498 F.3d 920, 2007 U.S. App. LEXIS 19465, 2007 WL 2325079
CourtCourt of Appeals for the Ninth Circuit
DecidedAugust 16, 2007
Docket04-56791
StatusPublished
Cited by59 cases

This text of 498 F.3d 920 (Employers-Teamsters Local Nos. 175 & 505 Pension Trust Fund v. Anchor Capital Advisors) is published on Counsel Stack Legal Research, covering Court of Appeals for the Ninth Circuit primary law. Counsel Stack provides free access to over 12 million legal documents including statutes, case law, regulations, and constitutions.

Bluebook
Employers-Teamsters Local Nos. 175 & 505 Pension Trust Fund v. Anchor Capital Advisors, 498 F.3d 920, 2007 U.S. App. LEXIS 19465, 2007 WL 2325079 (9th Cir. 2007).

Opinion

OPINION

DUFFY, District Judge:

Appellants, non-parties to the action below, bring this appeal from the district court’s order granting lead plaintiffs motion to dismiss its claims in an uncertified securities class action. Because Appellants never filed a complaint or formally moved to intervene, they lack standing and we are therefore precluded from reaching the merits of Appellants’ argument that they would have been the proper lead plaintiff pursuant to the Private Securities Litigation Reform Act (the “PSLRA”), 15 U.S.C. § 78u-4(a).
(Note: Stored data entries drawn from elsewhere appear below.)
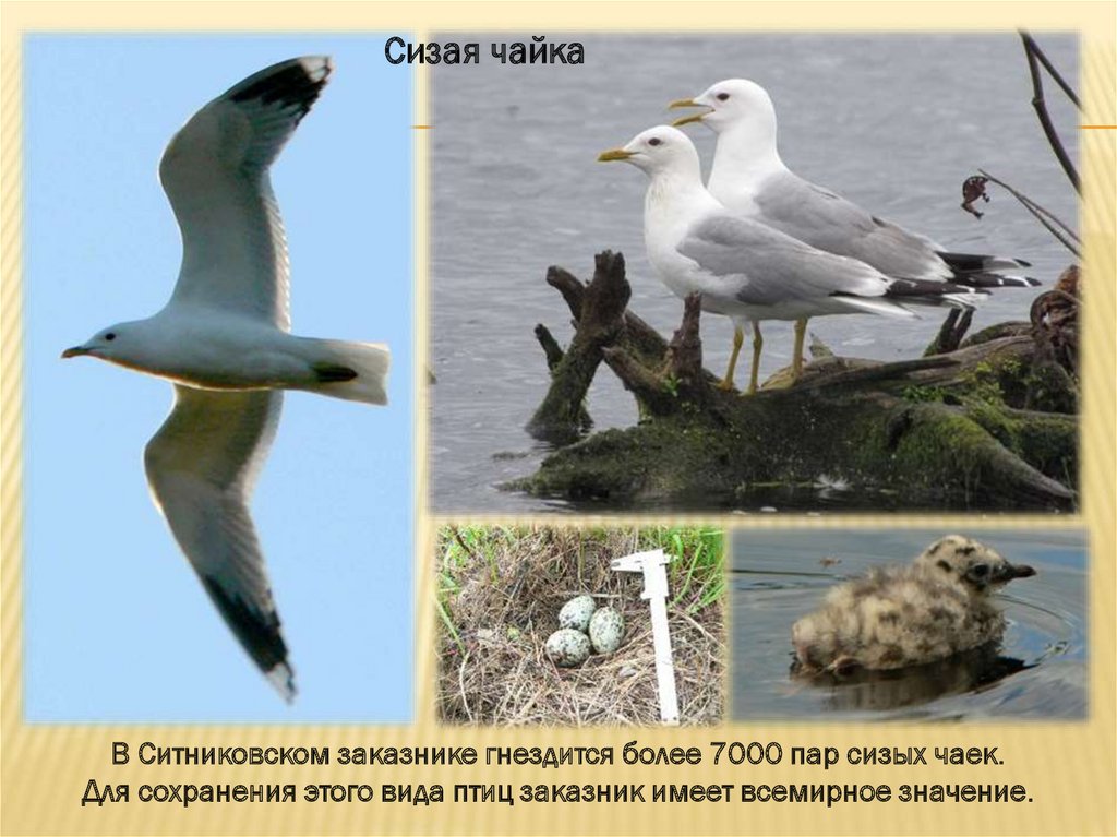 Сизая чайкаВ Ситниковском заказнике гнездится более 7000 пар сизых чаек.
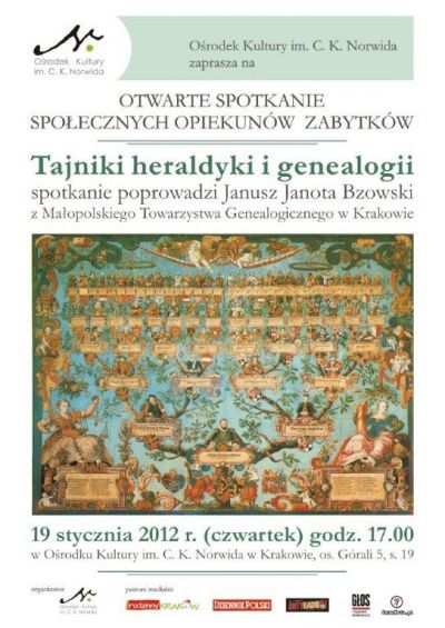 Zapraszamy na otwarte spotkanie miłośników historii i społecznych opiekunów zabytków poświęcone tematyce genealogii i heraldyki. Naszym gościem będzie p. Janusz Janota Bzowski, członek Małopolskiego Towarzystwa Genealogicznego w Krakowie.
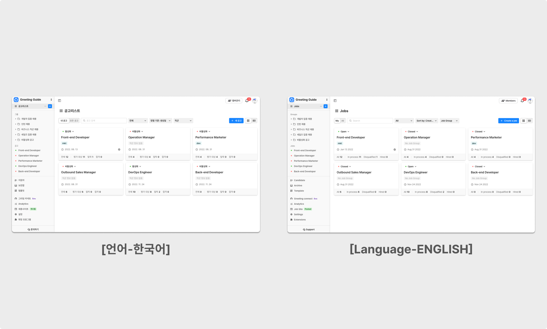 '우측 상단 프로필 버튼 → 내 계정 → 언어'를 통해 그리팅 시스템의 언어를 국문과 영문으로 설정할 수 있습니다.

Furthermore, lead plaintiffs voluntary dismissal of its claims prior to class certification renders this appeal of the interim lead plaintiff order moot. Appellants’ argument that they could not file their own complaint due to the proscription against “piggybacking” on an original class action is also without merit. The appeal is dismissed.

I. Facts

On November 12, 2003, Anchor Capital Advisors (“Anchor Capital”) filed the first of four purported class actions in the Central District of California against Watson Pharmaceuticals, Inc. (“Watson Pharmaceuticals”) for alleged violations of Sections 10(b) and 20(a) of the Securities Exchange Act of 1934. Appellants did not file a complaint or move to intervene in any of the four district court actions. On February 9, 2004, the district court consolidated the four actions and considered the motions of various parties, including Appellants’, for appointment of lead plaintiff pursuant to the PSLRA. The district court preliminarily declared Anchor Capital as the lead plaintiff based upon its loss of $3.2 million on behalf of its investors, holding that it had sufficient authority to sue on behalf of its clients and that it was the party with the largest financial stake in the outcome of the litigation. 1

Watson Pharmaceuticals moved to dismiss the complaint for failure to plead fraud with the particularity required by Fed.R.Civ.P. 9(b) and the PSLRA. On August 2, 2004, the district court dismissed the complaint for failure to adequately plead falsity and scienter. The order allowed Anchor Capital the opportunity to re-plead, however, held that it would be “unlikely that Plaintiffs will be able to amend to allege additional facts that will satisfy the heightened pleading require *923 ments.” See Order Granting Motion to Dismiss the Consolidated Complaint, August 2, 2004, at 27. In light of this ruling, Anchor Capital informed the district court that it would not file another amended complaint, instead requesting that the individual uncertified actions be dismissed with prejudice. Appellants did not object to the dismissal or take any other action at that time. Accordingly, on September 2, 2004, the district court dismissed the action with prejudice. On appeal, Appellants now challenge the lead plaintiff ruling.

II. Discussion

a. Standing

Standing is the threshold issue of any federal action, a matter of jurisdiction because “the core component of standing is an essential and unchanging part of the case-or-controversy requirement of Article III.” See Lujan v. Defenders of Wildlife, 504 U.S. 555, 561, 112 S.Ct. 2130, 119 L.Ed.2d 351 (1992). In this case, because the class was never certified, Appellants were not parties to the district court action and lack standing to bring this appeal. Appellants were merely potential class members in a potential class action suit. Despite ample opportunity to do so, Appellants never filed a complaint, moved to intervene, objected to the requested dismissal, or filed an amended complaint after Anchor Capital notified the district court that it would voluntarily dismiss its action. As articulated in Marino v. Ortiz “only parties to a lawsuit, or those that properly become parties, may appeal an adverse judgment.” Marino v. Ortiz, 484 U.S. 301, 304, 108 S.Ct. 586, 98 L.Ed.2d 629 (1988).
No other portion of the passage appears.